=== Section Start ===
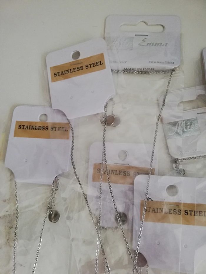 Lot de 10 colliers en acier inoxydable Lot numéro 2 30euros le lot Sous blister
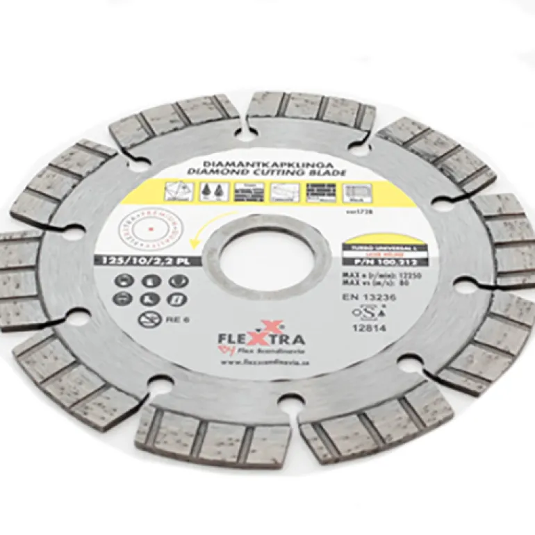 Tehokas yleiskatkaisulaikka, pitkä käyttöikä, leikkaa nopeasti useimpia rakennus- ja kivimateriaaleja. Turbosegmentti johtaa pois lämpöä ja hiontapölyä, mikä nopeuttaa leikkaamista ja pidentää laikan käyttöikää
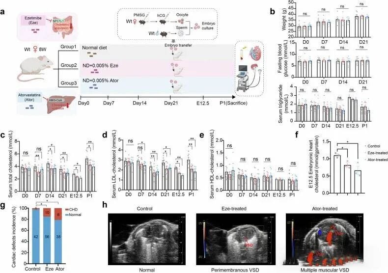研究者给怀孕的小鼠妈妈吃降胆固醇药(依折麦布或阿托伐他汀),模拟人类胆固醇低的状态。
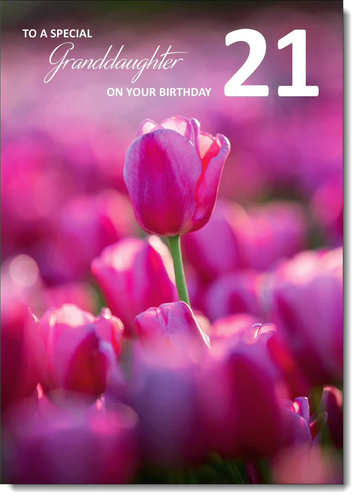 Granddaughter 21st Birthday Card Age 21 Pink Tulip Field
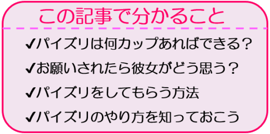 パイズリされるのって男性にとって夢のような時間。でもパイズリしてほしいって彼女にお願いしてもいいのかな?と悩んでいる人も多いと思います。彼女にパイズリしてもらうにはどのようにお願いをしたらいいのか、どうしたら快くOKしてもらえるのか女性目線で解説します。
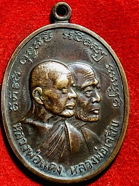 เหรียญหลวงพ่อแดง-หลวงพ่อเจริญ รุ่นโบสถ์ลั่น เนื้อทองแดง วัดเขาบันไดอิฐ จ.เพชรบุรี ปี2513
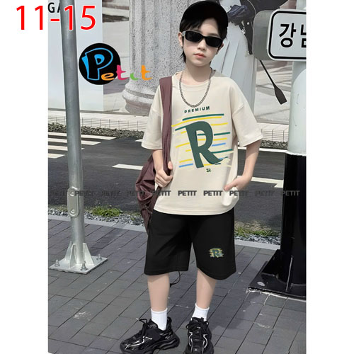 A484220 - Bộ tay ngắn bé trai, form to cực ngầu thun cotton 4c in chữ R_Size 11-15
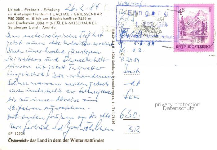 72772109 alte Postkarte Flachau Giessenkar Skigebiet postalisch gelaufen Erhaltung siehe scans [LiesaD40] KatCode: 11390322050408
=== Section End ===
=== Section Start ===
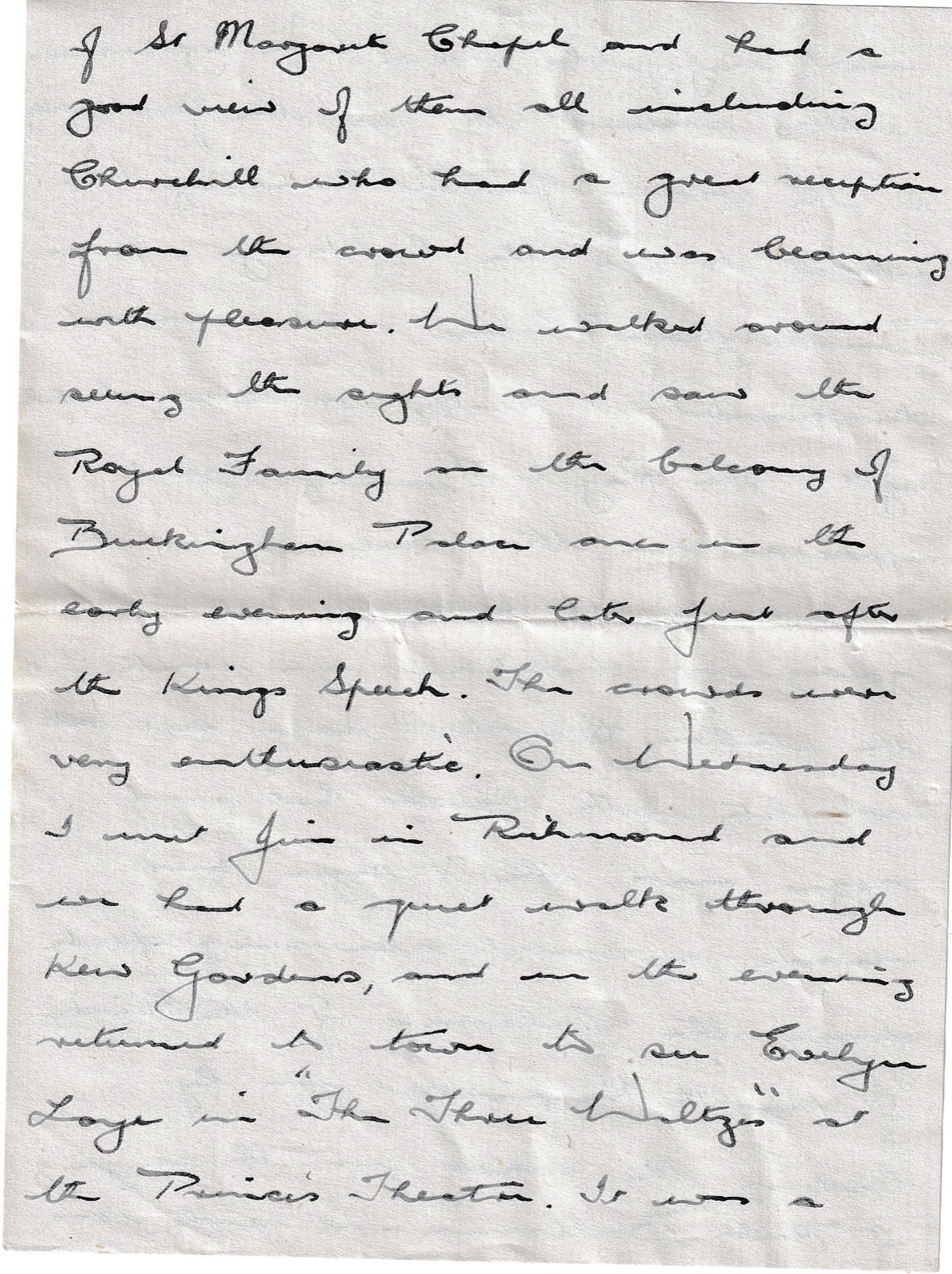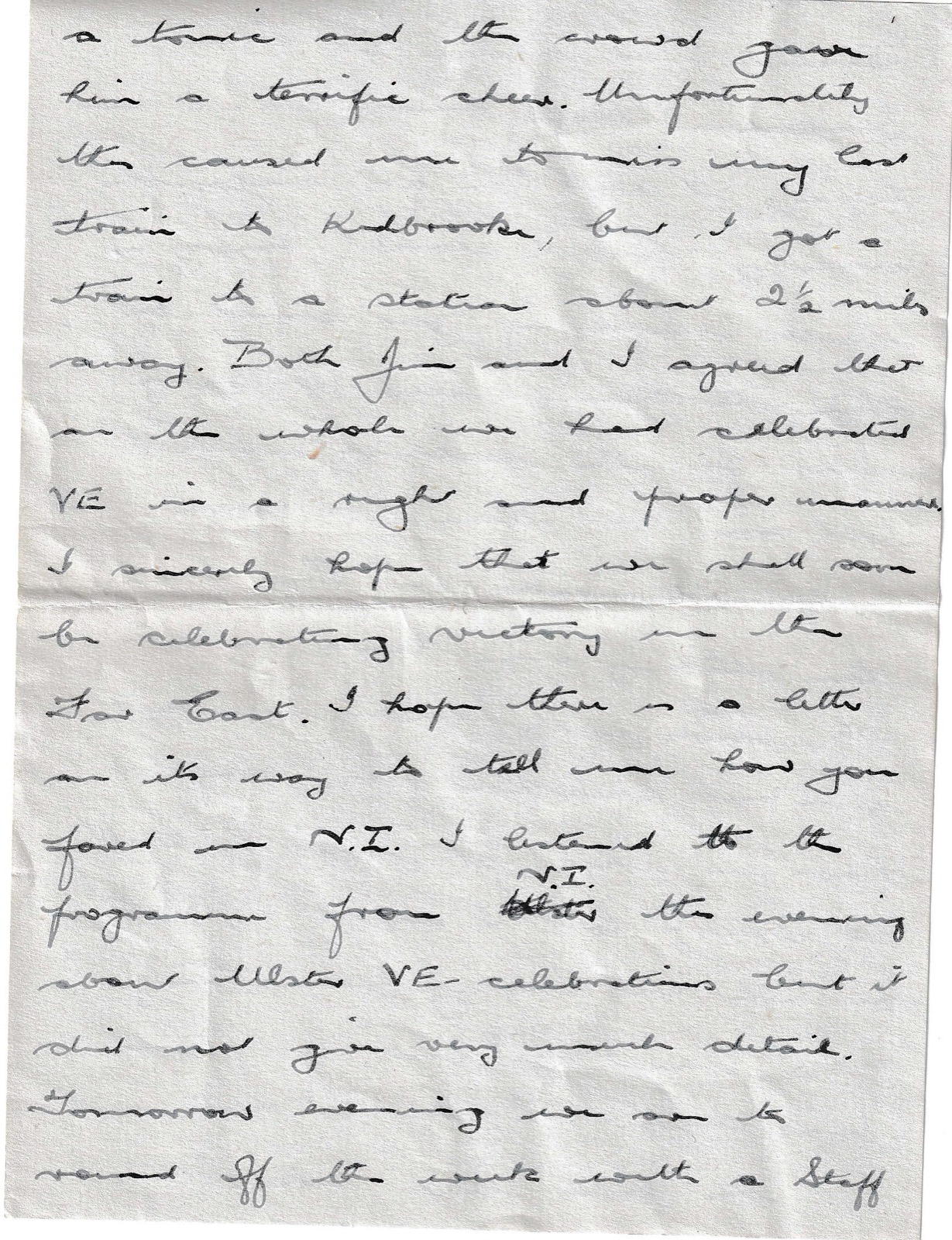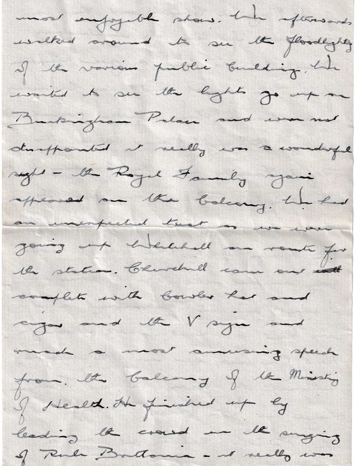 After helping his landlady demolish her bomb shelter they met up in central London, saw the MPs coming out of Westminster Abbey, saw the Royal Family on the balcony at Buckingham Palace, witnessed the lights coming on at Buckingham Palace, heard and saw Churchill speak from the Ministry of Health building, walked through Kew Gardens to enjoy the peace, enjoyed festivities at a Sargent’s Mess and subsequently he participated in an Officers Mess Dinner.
=== Section End ===
=== Section Start ===
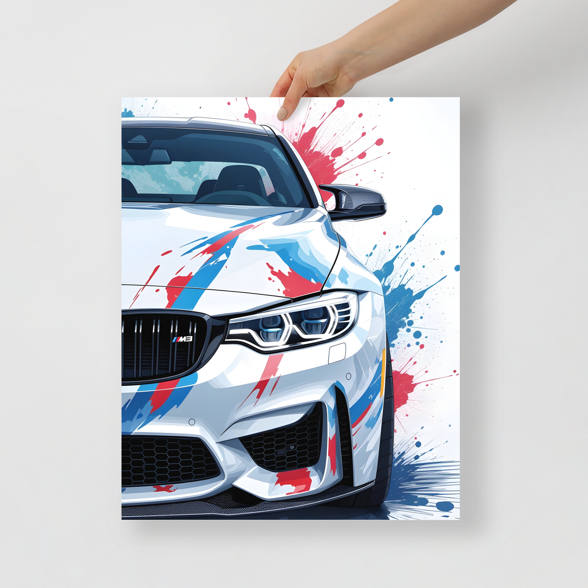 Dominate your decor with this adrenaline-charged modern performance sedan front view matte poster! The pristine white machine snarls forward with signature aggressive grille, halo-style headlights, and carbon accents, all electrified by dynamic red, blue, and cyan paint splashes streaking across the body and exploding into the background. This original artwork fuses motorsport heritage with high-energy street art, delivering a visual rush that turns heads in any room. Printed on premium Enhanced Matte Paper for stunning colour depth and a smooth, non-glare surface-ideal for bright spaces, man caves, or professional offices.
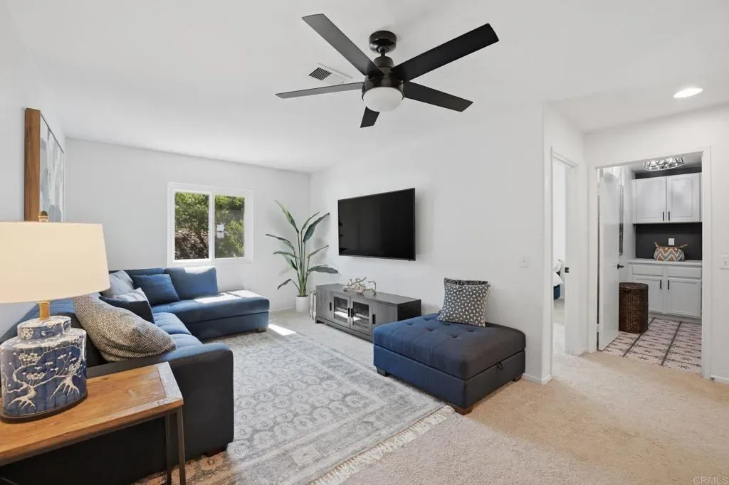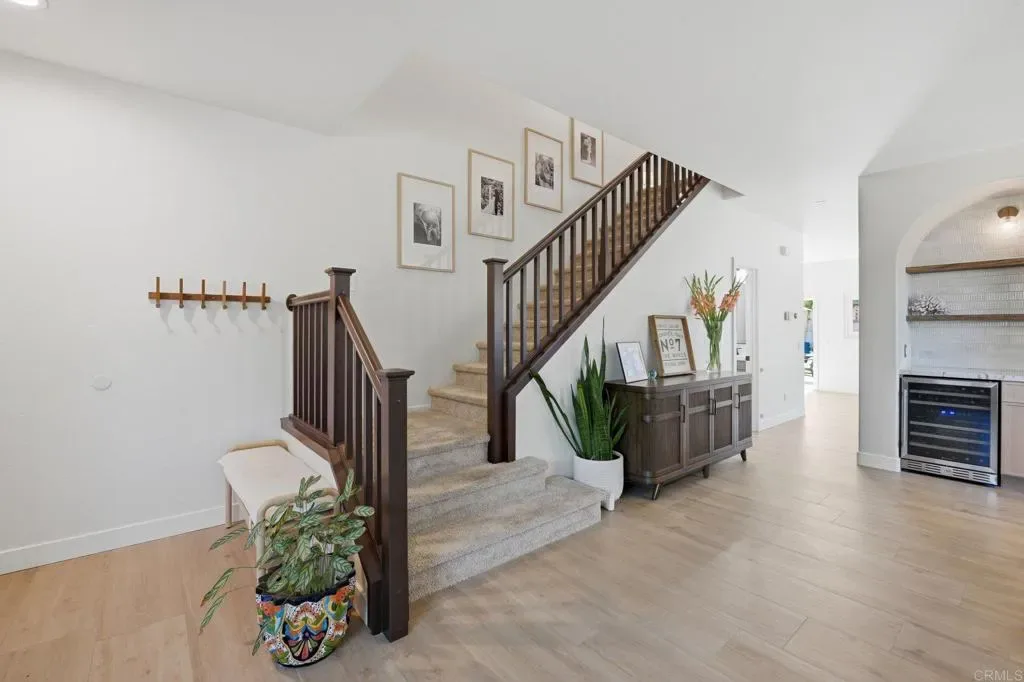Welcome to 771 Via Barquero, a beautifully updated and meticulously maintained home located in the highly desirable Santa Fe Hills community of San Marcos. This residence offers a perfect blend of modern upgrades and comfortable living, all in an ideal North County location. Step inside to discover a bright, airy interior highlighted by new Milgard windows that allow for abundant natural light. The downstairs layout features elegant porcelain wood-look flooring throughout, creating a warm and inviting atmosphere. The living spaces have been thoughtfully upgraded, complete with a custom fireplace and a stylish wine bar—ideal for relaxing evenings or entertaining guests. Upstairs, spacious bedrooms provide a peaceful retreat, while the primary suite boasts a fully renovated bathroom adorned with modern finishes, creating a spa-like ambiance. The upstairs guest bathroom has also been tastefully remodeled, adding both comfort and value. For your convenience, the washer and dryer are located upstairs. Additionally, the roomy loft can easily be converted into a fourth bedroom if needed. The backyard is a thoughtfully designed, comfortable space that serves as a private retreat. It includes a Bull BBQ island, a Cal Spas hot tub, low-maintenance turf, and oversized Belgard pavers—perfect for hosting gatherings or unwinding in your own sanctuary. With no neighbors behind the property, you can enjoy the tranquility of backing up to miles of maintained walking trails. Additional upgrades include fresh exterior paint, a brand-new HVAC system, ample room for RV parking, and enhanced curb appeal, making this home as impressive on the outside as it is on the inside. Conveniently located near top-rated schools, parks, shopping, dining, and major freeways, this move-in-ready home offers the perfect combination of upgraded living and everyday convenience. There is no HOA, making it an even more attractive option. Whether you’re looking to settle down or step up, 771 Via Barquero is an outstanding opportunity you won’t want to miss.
=== Section End ===
> _Task brief_
Skipping the pictures, print the lines in the listing above exactly as written, starting at the line with "パイズリされるのって男性にと" and ending at the line with "72772109 alte Postkarte", both included.

> _Answer to this problem_
 パイズリされるのって男性にとって夢のような時間。でもパイズリしてほしいって彼女にお願いしてもいいのかな?と悩んでいる人も多いと思います。彼女にパイズリしてもらうにはどのようにお願いをしたらいいのか、どうしたら快くOKしてもらえるのか女性目線で解説します。
 เหรียญหลวงพ่อแดง-หลวงพ่อเจริญ รุ่นโบสถ์ลั่น เนื้อทองแดง วัดเขาบันไดอิฐ จ.เพชรบุรี ปี2513
 A484220 - Bộ tay ngắn bé trai, form to cực ngầu thun cotton 4c in chữ R_Size 11-15
 72772109 alte Postkarte Flachau Giessenkar Skigebiet postalisch gelaufen Erhaltung siehe scans [LiesaD40] KatCode: 11390322050408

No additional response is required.